▶ Dataset content:
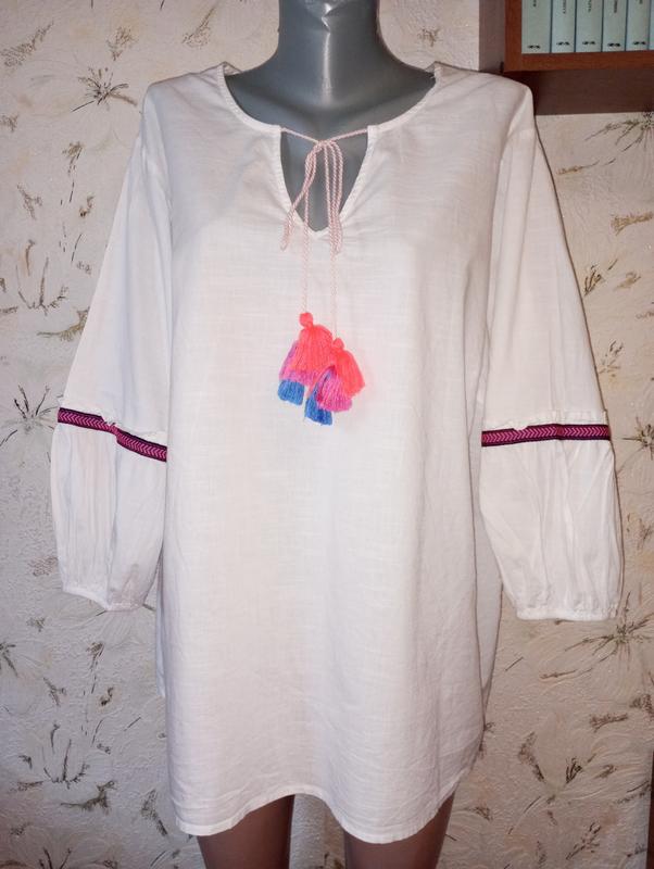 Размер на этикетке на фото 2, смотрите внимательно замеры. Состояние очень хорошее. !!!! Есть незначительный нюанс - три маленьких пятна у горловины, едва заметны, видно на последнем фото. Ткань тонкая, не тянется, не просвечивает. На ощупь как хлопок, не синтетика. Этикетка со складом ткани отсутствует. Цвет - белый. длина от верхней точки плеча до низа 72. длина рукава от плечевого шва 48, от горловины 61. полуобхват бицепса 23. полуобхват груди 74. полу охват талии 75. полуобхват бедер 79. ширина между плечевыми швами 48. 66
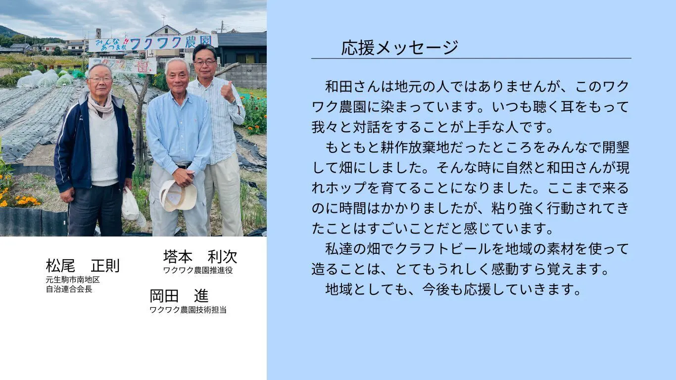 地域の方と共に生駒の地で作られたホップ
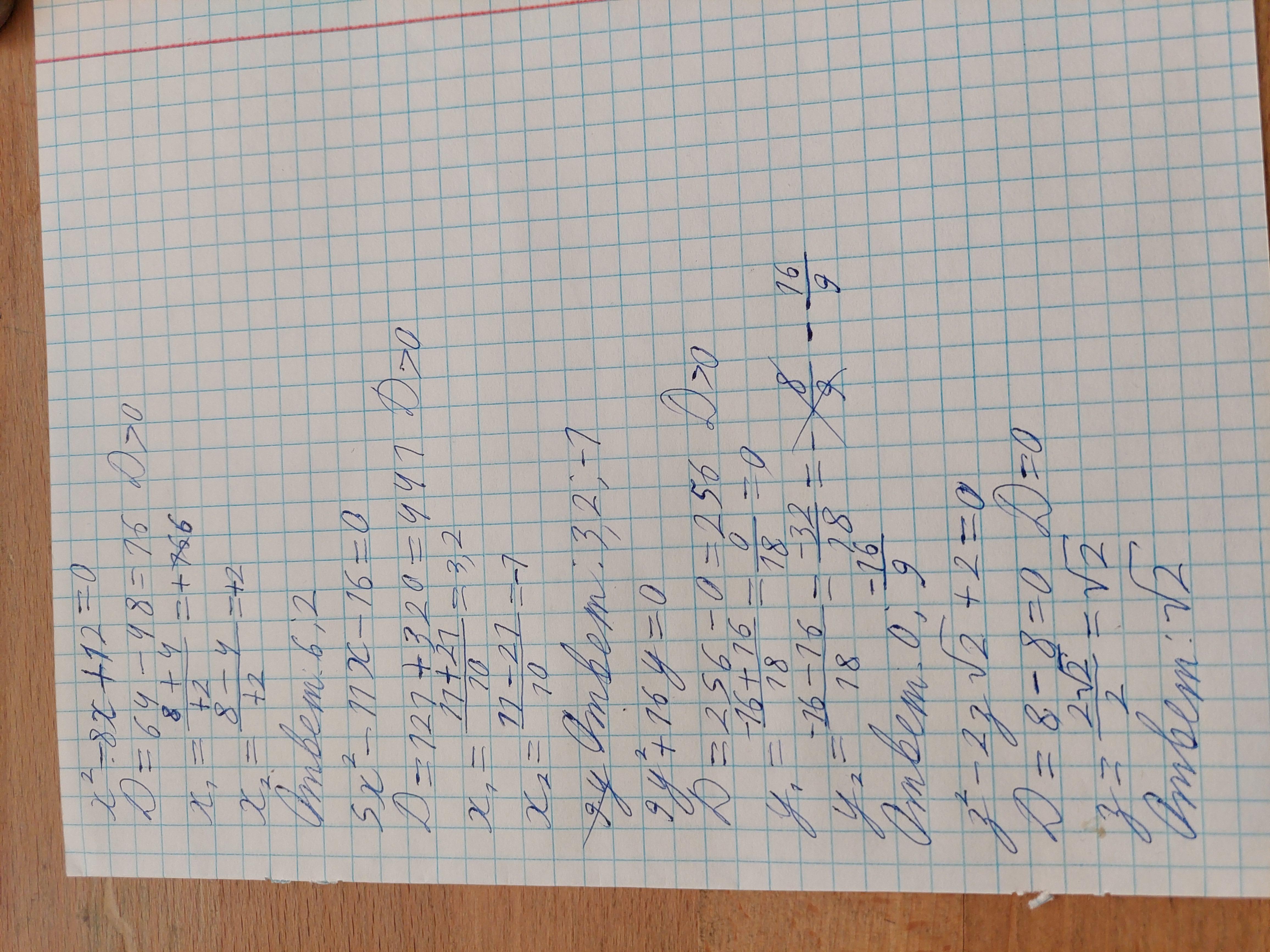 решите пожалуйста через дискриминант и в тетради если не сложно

▶ Task prompt: Restate every line above exactly, omitting images.

▶ Task output:
 Размер на этикетке на фото 2, смотрите внимательно замеры. Состояние очень хорошее. !!!! Есть незначительный нюанс - три маленьких пятна у горловины, едва заметны, видно на последнем фото. Ткань тонкая, не тянется, не просвечивает. На ощупь как хлопок, не синтетика. Этикетка со складом ткани отсутствует. Цвет - белый. длина от верхней точки плеча до низа 72. длина рукава от плечевого шва 48, от горловины 61. полуобхват бицепса 23. полуобхват груди 74. полу охват талии 75. полуобхват бедер 79. ширина между плечевыми швами 48. 66
 地域の方と共に生駒の地で作られたホップ
 решите пожалуйста через дискриминант и в тетради если не сложно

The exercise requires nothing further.